Abley's lack of technical expertise in linguistics turns out to be a boon for the reader. Without intellectual pretense or jargon, he enthusiastically shares his fascination for languages that stuff whole sentences into one word, comfortably use verbs without subjects, and produce sounds that defy conventional alphabets. Despite all their beauty and distinctive precision in describing their environments, Abley discovered one overriding, numbing truth about minority languages. They fade away if the young people don't learn to speak them. Everywhere he goes, from the Yuchi Indians of Oklahoma to the Manx of the Isle of Man in Great Britain, Abley talks to earnest people who tape record elders, hold classes in dingy community rooms, and petition governments. Most of these efforts are clearly futile when the traditions and experiences encoded in the languages have little appeal for young people intoxicated by global consumer culture.

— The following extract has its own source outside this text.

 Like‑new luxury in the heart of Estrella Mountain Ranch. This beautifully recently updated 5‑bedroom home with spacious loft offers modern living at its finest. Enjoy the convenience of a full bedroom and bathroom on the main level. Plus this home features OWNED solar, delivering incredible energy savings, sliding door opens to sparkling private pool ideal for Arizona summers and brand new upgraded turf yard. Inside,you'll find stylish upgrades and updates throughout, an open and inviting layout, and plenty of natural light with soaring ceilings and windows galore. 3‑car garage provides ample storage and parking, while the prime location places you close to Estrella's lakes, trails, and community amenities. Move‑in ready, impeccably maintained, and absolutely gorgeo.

The language of that global consumer culture, of course, is English. English has become the language of virtual reality, international commerce, technology, and entertainment. Some of the most disturbing information in Abley's book concerns the growing anxiety, especially in Asia, to learn English as the language of prestige and power. All service workers in Beijing, for instance, must demonstrate some command of English before the 2008 Olympics or lose their jobs. Korean parents have their children undergo painful tongue operations, supposedly to help them pronounce English better.

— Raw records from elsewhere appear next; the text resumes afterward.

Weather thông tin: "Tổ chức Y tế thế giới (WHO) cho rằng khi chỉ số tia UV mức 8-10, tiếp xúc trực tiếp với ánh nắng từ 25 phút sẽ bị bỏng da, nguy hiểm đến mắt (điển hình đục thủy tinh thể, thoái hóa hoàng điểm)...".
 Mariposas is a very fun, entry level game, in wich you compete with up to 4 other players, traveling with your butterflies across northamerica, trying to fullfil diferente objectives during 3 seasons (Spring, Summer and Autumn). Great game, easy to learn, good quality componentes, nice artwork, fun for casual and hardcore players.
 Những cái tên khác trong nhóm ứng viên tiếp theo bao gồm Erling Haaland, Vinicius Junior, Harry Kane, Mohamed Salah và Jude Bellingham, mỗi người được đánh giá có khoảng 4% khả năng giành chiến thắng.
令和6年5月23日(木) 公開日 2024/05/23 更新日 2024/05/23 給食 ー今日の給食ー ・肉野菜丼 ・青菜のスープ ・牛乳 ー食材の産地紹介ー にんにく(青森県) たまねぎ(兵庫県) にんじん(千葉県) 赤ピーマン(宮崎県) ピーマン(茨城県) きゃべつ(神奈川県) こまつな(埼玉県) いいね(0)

In effect, English has become an engine for the homogenization of the world -- and the word. No matter how much we native speakers of English benefit in convenience from its increasing dominance, Spoken Here shows clearly how our exportation of vague abstractions, catch phrases, acronyms and techno-speak -- disconnected from direct contact with the physical reality of life -- will pull up the linguistic roots of more and more cultures.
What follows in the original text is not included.